I also had my least favorites. These sometimes included the downright ignorant because it took so long to “train” them how to shoot. Sometimes my least favorites were those who thought I didn’t know what I was doing and so took over for me. More often, however, my least favorites included those who noticed my gender more than the average hunter. I am not blind; I am not deaf. You were the ones with earplugs in, not me! It’s not that I am a complete knock-out by any stretch of the imagination; it’s just that I was the only female in the area and therefore the only target – thank God not literally. It was incredibly obvious whenever one group at Sporting Clays asked me to walk ahead of them. That group was so bad that Jordan – the other girl trapper – and I refused to take them around, ever. Most weren’t bad, though. Every once in a while I would encounter an older hunter who would get that “If I were a younger man” glint in his eye, but most of them behaved themselves. Sometimes they even tipped better. (Ah, the subtle power of feminine manipulation.)

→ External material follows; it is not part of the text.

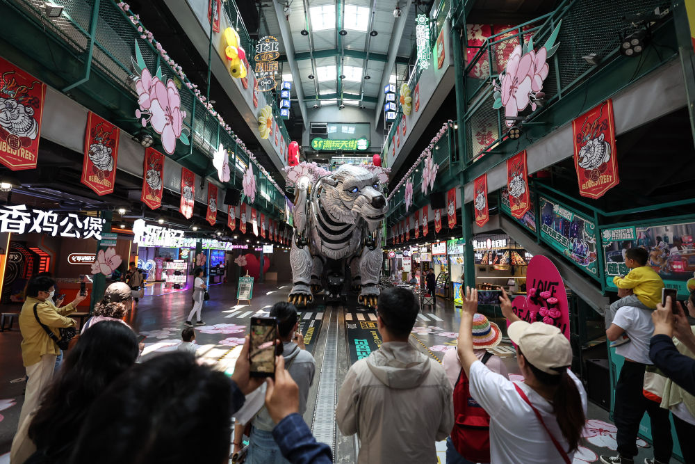 大連熊洞街,當(dāng)身高6米、重達(dá)25噸,灰色的仿生機械巨熊時而張口咆哮,時而緩緩前行,游客爆發(fā)出陣陣歡呼。大連冰山慧谷發(fā)展有限公司總經(jīng)理助理藍(lán)費靜說:“這一街區(qū)由擁有近百年歷史的大連冰山集團(tuán)舊址改造而來,現(xiàn)已匯聚上百家游樂、電玩、研學(xué)商戶,老廠房煥發(fā)了新生機。”

Most of my experiences on the Haymarsh blur together because they were all so similar – green foliage, cold snow, hot sun, mosquito bites, Sporting Clays’ orange paint on my hands, pheasant smell, gunshots. Here are a few standout memories:
- Helping Kevin H. at a tower shoot and watching a pheasant run away and then right back to us as if it wanted to end it all.

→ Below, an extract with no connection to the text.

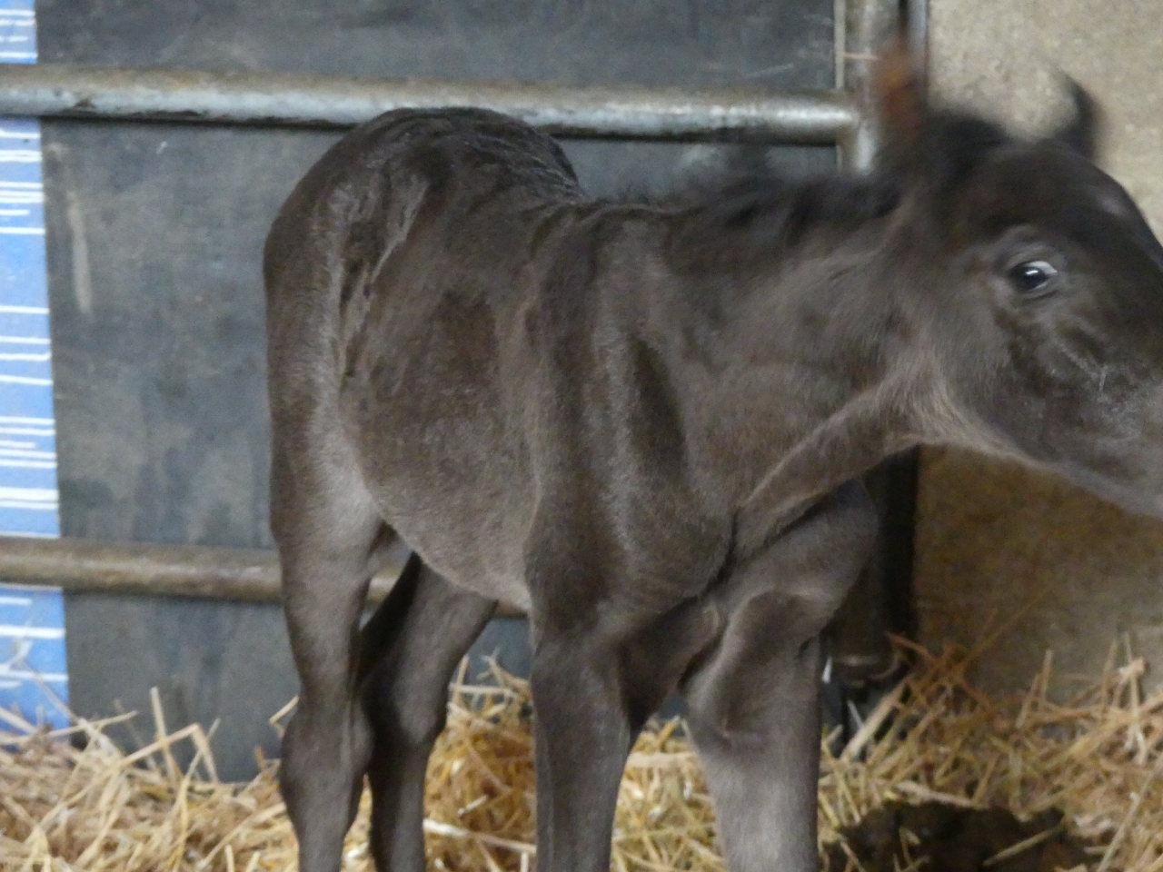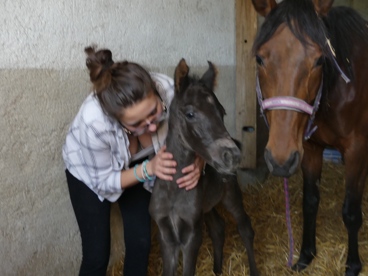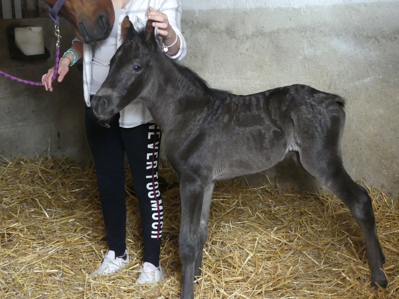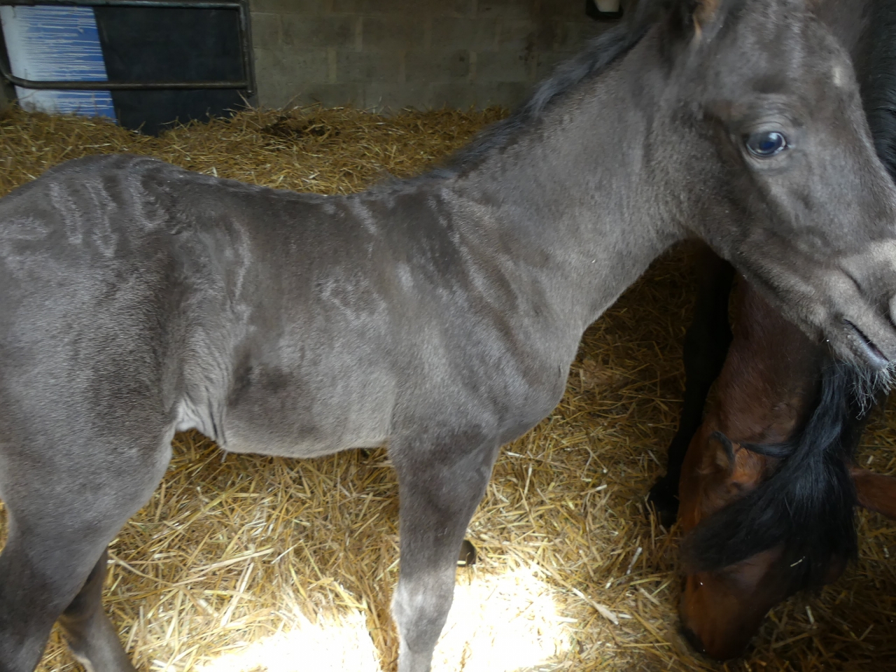 | Dire merci | Vu les parents, il peut être alezan, noir ou bai. Vu la couleur à la naissance, je dirais bai (dans toutes ses variantes). Il est un peu foncé pour être noir même si ça reste possible. |

- Going out in the field with my dad and Dixie, our Weimaraner who could run faster than any dog I ever saw.
- Numerable occasions when Christian, Lance, and I would sit in the truck, listening to the radio, because it was raining too hard to do Sporting Clays.
- The time Austin, another Sporting Clays trapper for a while, took a group around during a thunderstorm and came back drenched, only to receive a dollar tip from the man, who apparently thought he was being generous.

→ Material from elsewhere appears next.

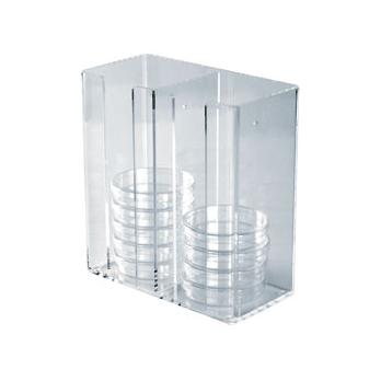 Free up benchtop spaceSturdy acrylic dispenser holds up to thirty 100 mm petri dishes in two easy-to-access partitions. Place on the counter or mount on a wall (mounting screws included). Measures 222 x 107 x 236 mm.

- Bob S., “The GrandMcDaddy” as we called him, coming to Sporting Clays Tuesday mornings with his dog, Shadow, who once chased a clay rabbit I threw.
- A neighbor guy sometimes showed up to play football during break times, and one time he told my dad, “When you play football, you shouldn’t think.” Lance muttered, “You must play football a lot.”
All in all, being a live-in at the Haymarsh Hunt Club was interesting. I learned by the age of sixteen how to deal with customers. I learned how to shrug off sexism and how to handle offensive behavior, though I must stress that this was not the norm. I learned several colorful acronyms for PETA. I can hike with the best of them. I love getting dirty. I am stronger than I would have been if I had worked at a mall. The Haymarsh also contributed greatly to my knowledge of things that the ordinary girl did not know, and I’m pretty sure I’ve gotten my foot in the door at a few job interviews by bonding over hunting stories. I know what a field smells like in winter. I was a Sporting Clays trapper for ten solid years, and I say with an odd kind of pride that I am damn good at it, even if no one ever knows what I’m talking about. And on at least one occasion when a guy has tried to impress me that he’s a redneck because he once owned goats, I’ve been able to throw down, “Oh, yeah? Well, we had hundreds of pheasants.”
At Grandpa Bud’s funeral, I really saw how much the Haymarsh people meant to me. I knew more people in the reception line than most of our family, save Grandma and Dad probably. It was a wonderful feeling to have this strange little community that was completely separate from the rest of my life, and it meant a lot to me that dozens and dozens of hunters hugged me like we were family. It was amazing to see in one room the sheer volumes of people my grandfather had touched through their shared love of nature, and I was a part of that legacy.